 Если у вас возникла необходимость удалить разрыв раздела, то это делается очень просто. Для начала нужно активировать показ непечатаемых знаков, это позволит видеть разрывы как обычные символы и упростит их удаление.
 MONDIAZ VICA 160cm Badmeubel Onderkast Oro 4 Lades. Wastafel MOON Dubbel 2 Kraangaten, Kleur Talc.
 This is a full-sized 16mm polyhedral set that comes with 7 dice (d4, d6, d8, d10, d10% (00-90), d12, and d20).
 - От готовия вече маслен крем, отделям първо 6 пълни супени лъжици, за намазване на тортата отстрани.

==================================================

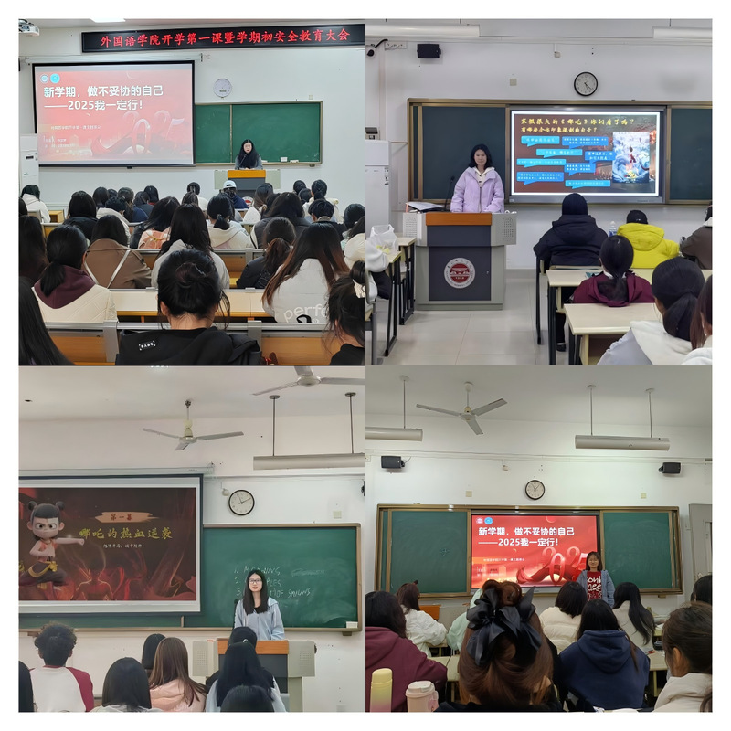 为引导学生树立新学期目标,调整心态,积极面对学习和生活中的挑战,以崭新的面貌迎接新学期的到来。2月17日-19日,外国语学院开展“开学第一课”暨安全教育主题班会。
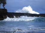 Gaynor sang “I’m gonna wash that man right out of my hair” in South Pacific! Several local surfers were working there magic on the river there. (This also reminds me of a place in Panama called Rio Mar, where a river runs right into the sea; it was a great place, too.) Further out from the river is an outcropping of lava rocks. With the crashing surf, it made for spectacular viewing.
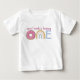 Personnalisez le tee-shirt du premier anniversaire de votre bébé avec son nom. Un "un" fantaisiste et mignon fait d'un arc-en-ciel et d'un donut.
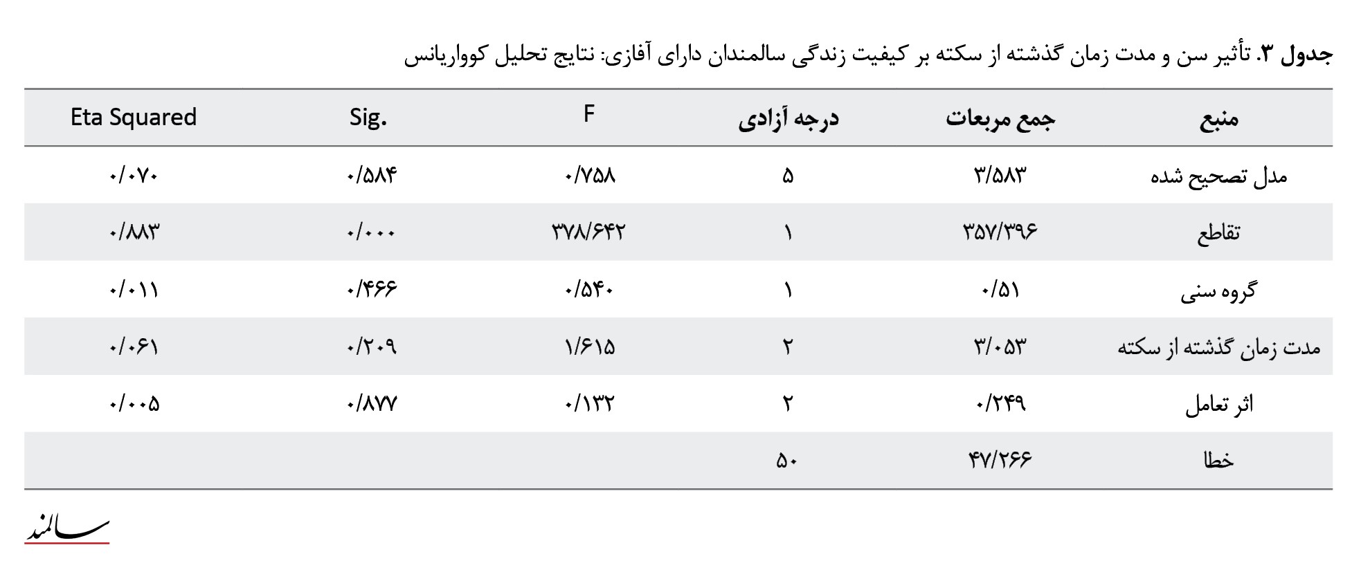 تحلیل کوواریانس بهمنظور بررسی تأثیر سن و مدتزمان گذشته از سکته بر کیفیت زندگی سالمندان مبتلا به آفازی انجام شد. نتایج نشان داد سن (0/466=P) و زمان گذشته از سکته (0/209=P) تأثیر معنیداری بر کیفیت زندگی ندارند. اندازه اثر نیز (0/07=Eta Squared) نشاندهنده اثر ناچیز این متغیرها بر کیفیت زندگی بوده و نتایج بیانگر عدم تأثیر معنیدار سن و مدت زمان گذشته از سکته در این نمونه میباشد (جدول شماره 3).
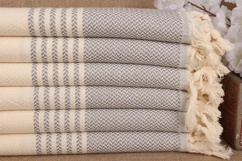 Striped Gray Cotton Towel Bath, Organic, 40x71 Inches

==================================================

= WHAT THIS TASK INVOLVES =
Reproduce word for word, with pictures dropped, only the part of the material above that opens with the line containing "for spectacular viewing." and closes with the line containing "Striped Gray Cotton".

= RESULT OF THIS TASK =
 Gaynor sang “I’m gonna wash that man right out of my hair” in South Pacific! Several local surfers were working there magic on the river there. (This also reminds me of a place in Panama called Rio Mar, where a river runs right into the sea; it was a great place, too.) Further out from the river is an outcropping of lava rocks. With the crashing surf, it made for spectacular viewing.
 Personnalisez le tee-shirt du premier anniversaire de votre bébé avec son nom. Un "un" fantaisiste et mignon fait d'un arc-en-ciel et d'un donut.
 تحلیل کوواریانس بهمنظور بررسی تأثیر سن و مدتزمان گذشته از سکته بر کیفیت زندگی سالمندان مبتلا به آفازی انجام شد. نتایج نشان داد سن (0/466=P) و زمان گذشته از سکته (0/209=P) تأثیر معنیداری بر کیفیت زندگی ندارند. اندازه اثر نیز (0/07=Eta Squared) نشاندهنده اثر ناچیز این متغیرها بر کیفیت زندگی بوده و نتایج بیانگر عدم تأثیر معنیدار سن و مدت زمان گذشته از سکته در این نمونه میباشد (جدول شماره 3).
 Striped Gray Cotton Towel Bath, Organic, 40x71 Inches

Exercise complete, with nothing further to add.